In terms of practical support, I owe a great deal to the following institutions and individuals: Dr. Roy Fluhrer at the Fine Arts Center for fiscal support and public exclamations of triumph; the Metropolitan Arts Council of Greenville, South Carolina for sending me to read; Vermont Studio Center for giving me a room to write in and a river to write beside. I am deeply indebted to the readers through whom this book passed on its way to completion: John Pursley III, Melinda Zeder, Suzan Zeder, Claire Bateman, Mike Stutzman, Carl Petersen, Hilary Plum—thank you for getting past page fifty, and for your belief in what you found there. Thank you as well to the fellow authors at FC2 who have read with me over the past few years and welcomed me again into their company with this novel: Lance Olsen, Jeffrey DeShell, Noy Holland, Michael Mejia, Matt Roberson, Joanna Ruocco, Elisabeth Sheffield, Susan Steinberg, Michael Martone, Jessica Lee Richardson, Hilary Plum. And to Dan Waterman, Lou Robinson, and all the staff at the University of Alabama Press: many, many thanks for making the idea a thing.

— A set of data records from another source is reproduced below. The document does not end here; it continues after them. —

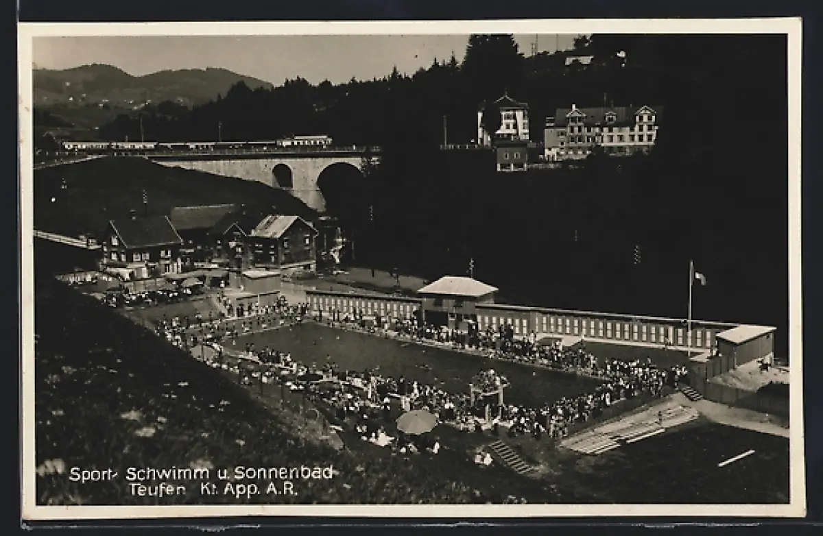 AK Teufen /App., Schwimmbad mit Gebäuden und Brücke aus der Vogelschau
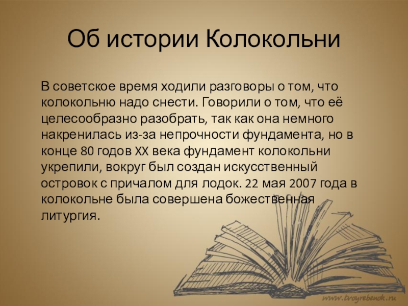 Об истории КолокольниВ советское время ходили разговоры о том, что колокольню надо снести. Говорили о том, что
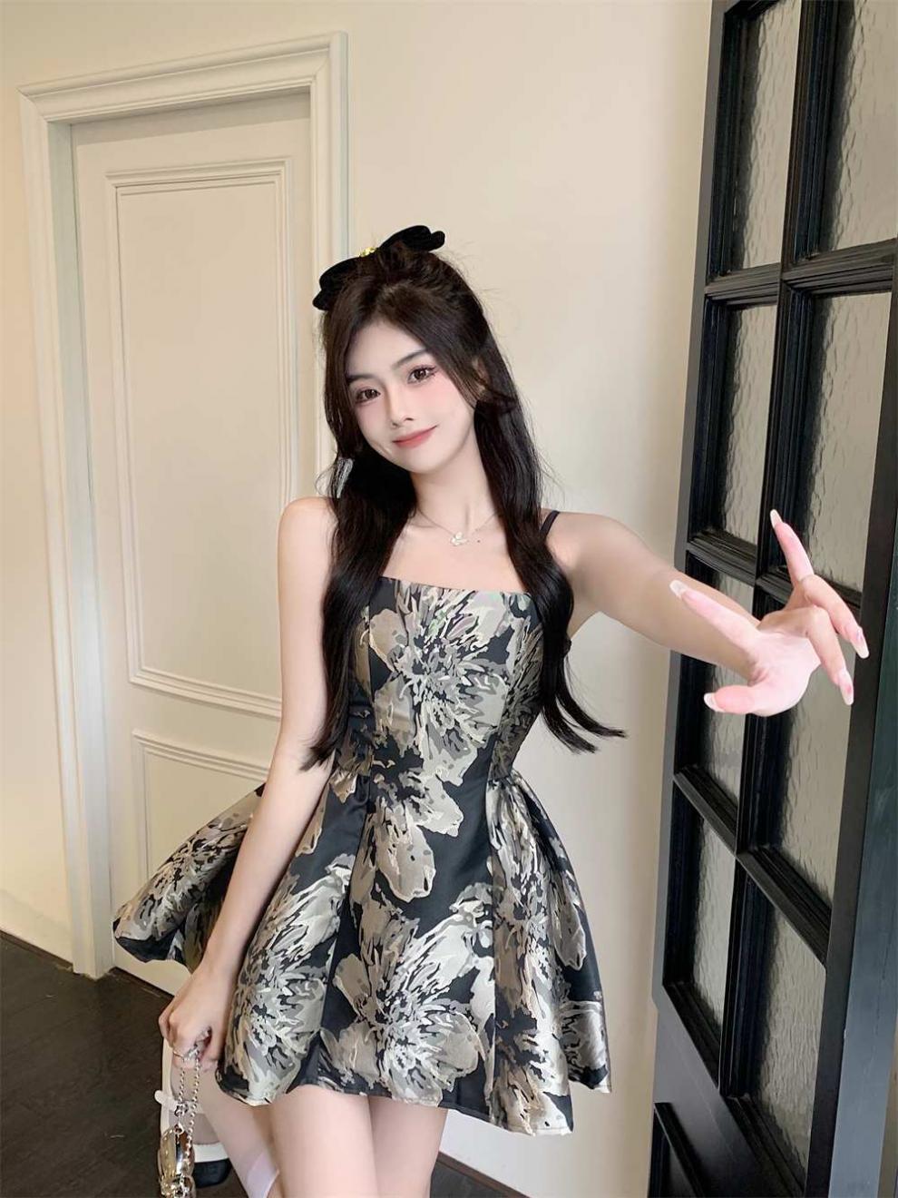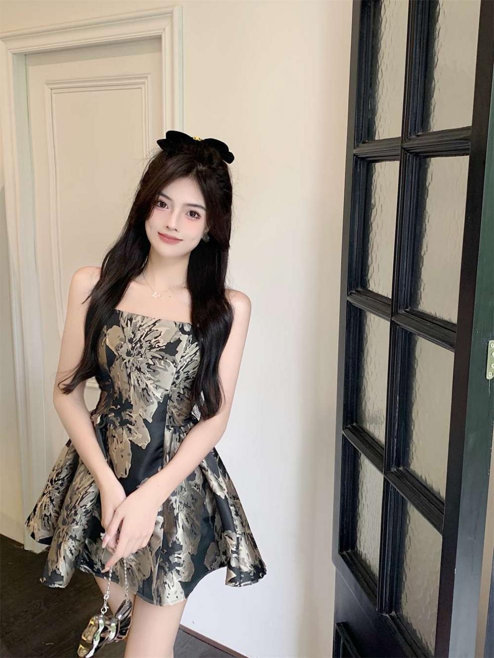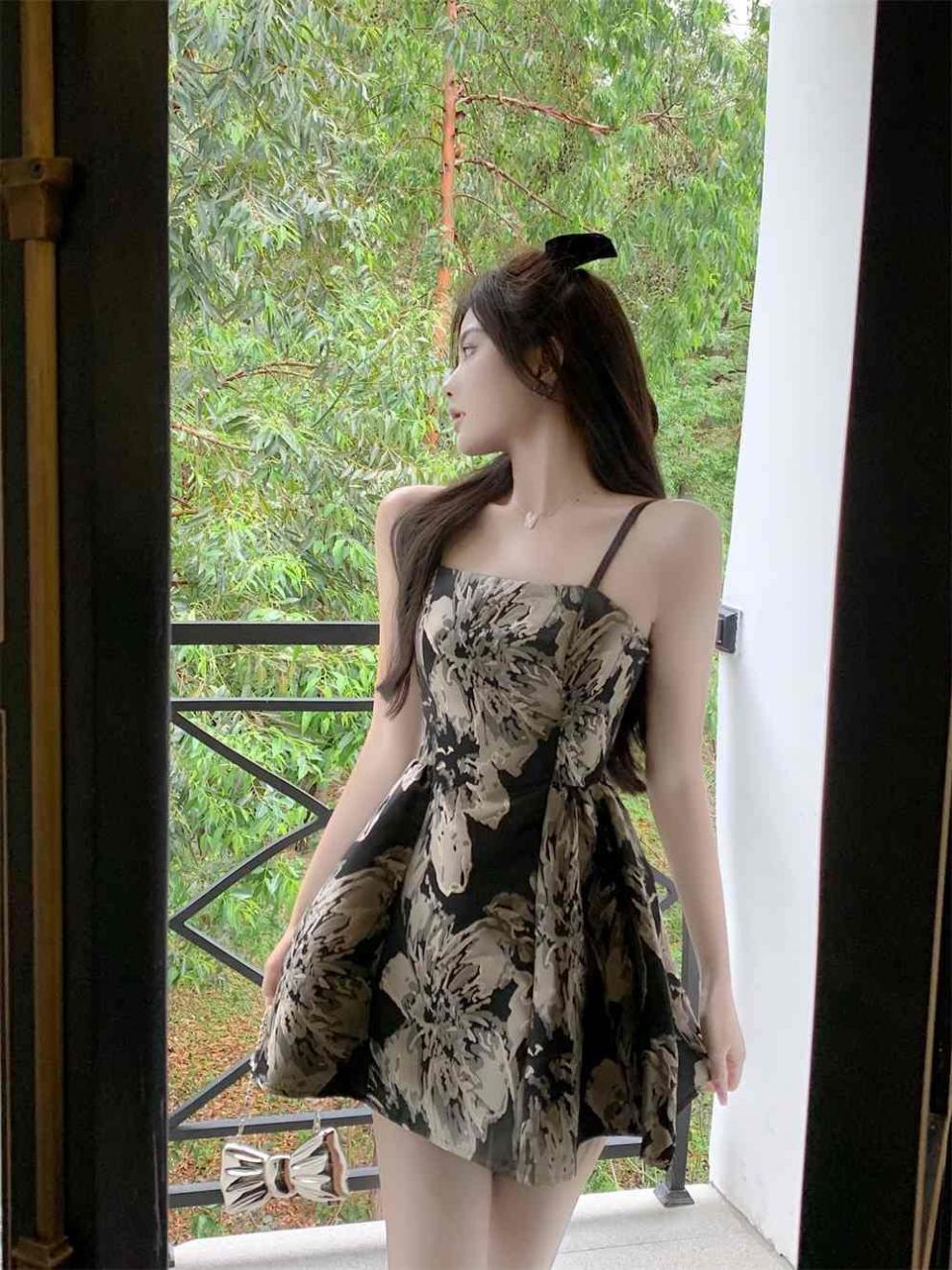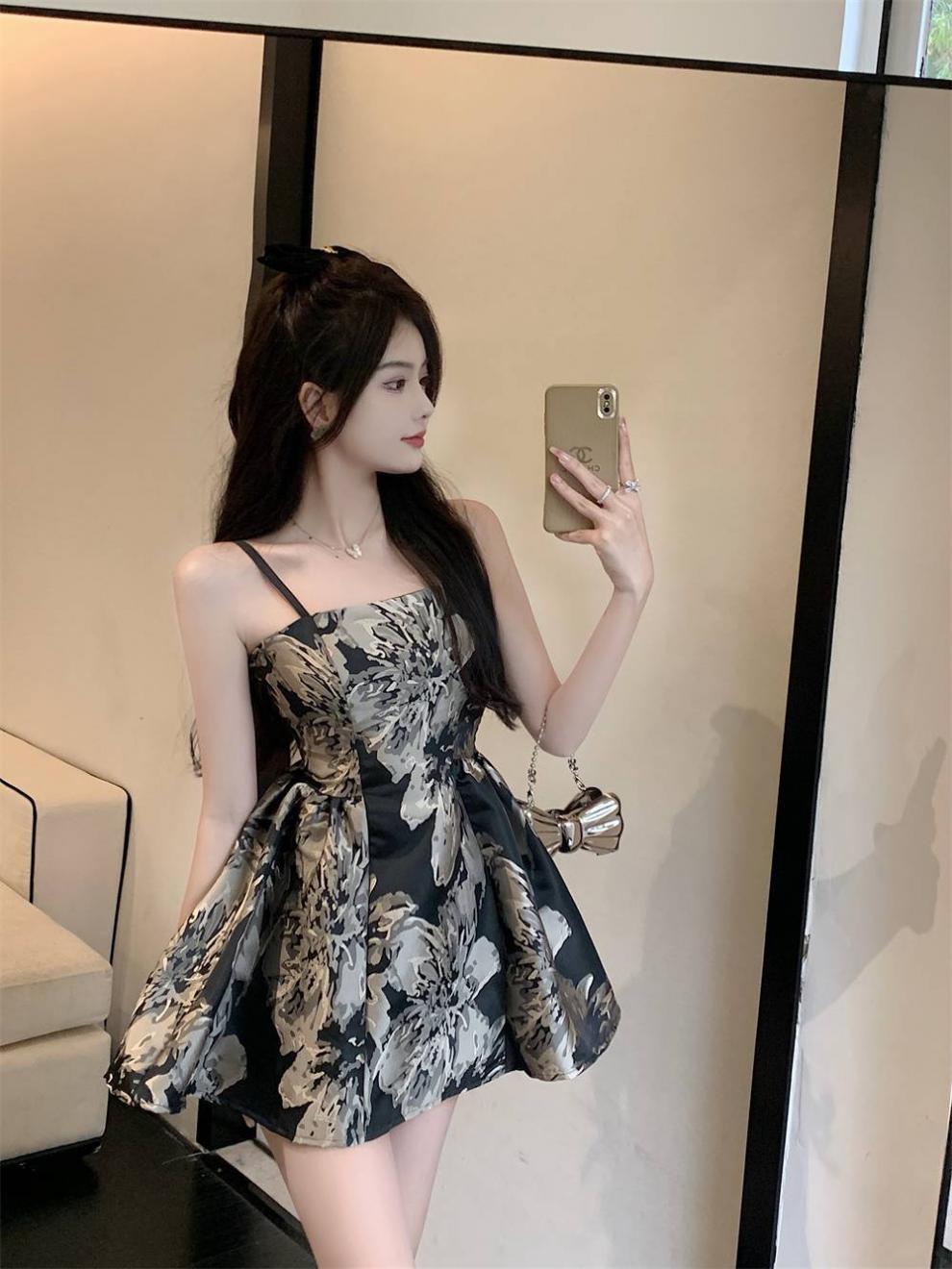 달콤한 스파이스 소녀 블랙 빈티지 자수 슬링 원피스 여성 여름 프랑스 우아한 하이 엔드 센스 A 라인 짧은 원피스

Thank you to my mother and my father who, when I said I wanted to be a writer, said, “We know.” Thank you to my grandmothers who took me to see dragons and asked that, when I did write a novel, it have some cats in it. Thank you to my sister who listened to a lot of stories in the dark and never once pretended to fall asleep.
Helen and Louisa: you are right in the middle of everything, looking out.
John Pursley III: without you I would never have become a human girl, but would still be a bit of fluff, a lost left shoe, a thistle at the edge of the forest. All the good things in my life come from you.